After Trump's abrupt decision to withdraw all U.S. troops from Syria - against the advice of his entire national security team - a stunned Washington establishment rushed to blame Turkish President Recep Tayyip Erdogan, who reportedly asked Trump to leave Syria in a Dec. 14 phone call. But Erdogan has made that request for years. What's changed recently is whom Trump is listening to back home.
Several U.S. officials and people who have spoken directly to Trump since his Syria decision tell me they believe that Paul's frequent phone conversations with Trump, wholly outside the policy process, are having an outsize influence on the president's recent foreign policy decisions. The two golf buddies certainly are sounding a lot alike recently.
Paul told CNN on Dec. 23 that he had talked to Trump about Syria and was "very proud of the president." That night on Twitter, Trump quoted Paul as saying, "It should not be the job of America to replace regimes around the world. .
. The generals still don't get the mistake." Speaking to U.S. troops on Wednesday in Iraq, Trump preached noninterventionism and bragged about denying his own generals six more months to fight the Islamic State in Syria before withdrawing. "America shouldn't be doing the fighting for every nation on Earth not being reimbursed," Trump said. "We're no longer the suckers, folks."

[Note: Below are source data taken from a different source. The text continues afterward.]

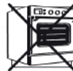
Traditional oven, infrared oven and multi purpose oven

The recipient should pay particular attention to any change in the packaged product, its intended use and also to any modification in the material's processing conditions and make sure that the contents and packaging are compatible, as directed in this declaration.
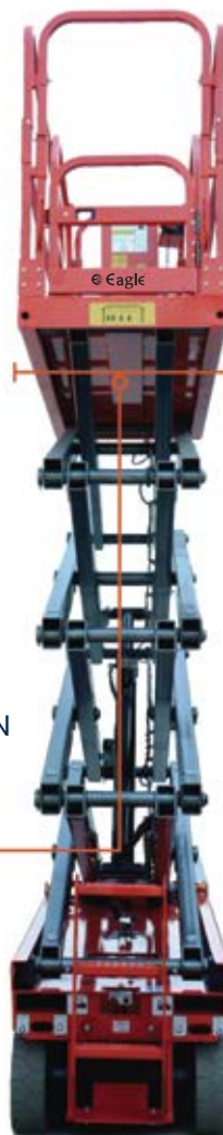
SC08-10HN/EN (N=Narrow) W: 0.81 M

Automatically record operating time. User can perform periodic maintenance at the proper intervals
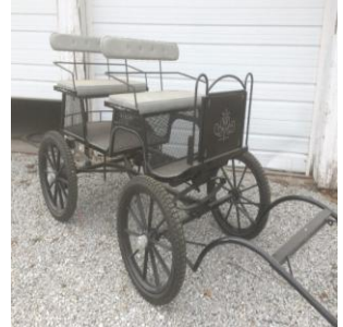
Two Seat Roberts Trail Buggy

Criticizing past U.S. policy at a campaign rally is one thing. The commander in chief telling U.S. soldiers in a war zone that he has lost faith in their generals, and is therefore changing their mission, is another. Trump's Iraq trip moved U.S. foreign policy one big step in Paul's direction.
Officials told me that, throughout the national security bureaucracy, everyone is aware that Paul's voice is one to which the president is paying increasing attention. The existing concern over Paul's influence on Russia policy has now boiled over with respect to Syria.
Of course, there's nothing wrong with a senator advising the president on foreign policy. Hawks such as Sen. Tom Cotton, R-Ark., and Lindsey Graham, R-S.C., do it all the time. But the Trump-Paul bromance is troubling because Trump may be taking Paul's word over that of his own advisers. Moreover, Paul has a history of pushing false claims and theories, especially with regard to the Middle East.
Paul regularly says the GOP hawks "created" the Islamic State. In 2015, he apologized for repeating a debunked claim that Sen. John McCain, R-Ariz., had met with Islamic State members in Syria. Paul has said the United States could become the "air force for al-Qaida" in Syria, misrepresenting the cooperation between U.S. and local Syrian forces against the Islamic State. He doubts U.S. intelligence assessments that Bashar al-Assad gassed his own people.
To paraphrase Daniel Patrick Moynihan, Paul is entitled to his own opinions but not his own facts. If a senator the president trusts is feeding him bad information, that's a huge problem.
Fans of the president's Syria policy will argue that Trump and Paul are simply responding to the American people's war weariness after two decades of failed U.S. interventions in the Middle East. But the implications of Trump following Paul on foreign policy extend beyond Syria.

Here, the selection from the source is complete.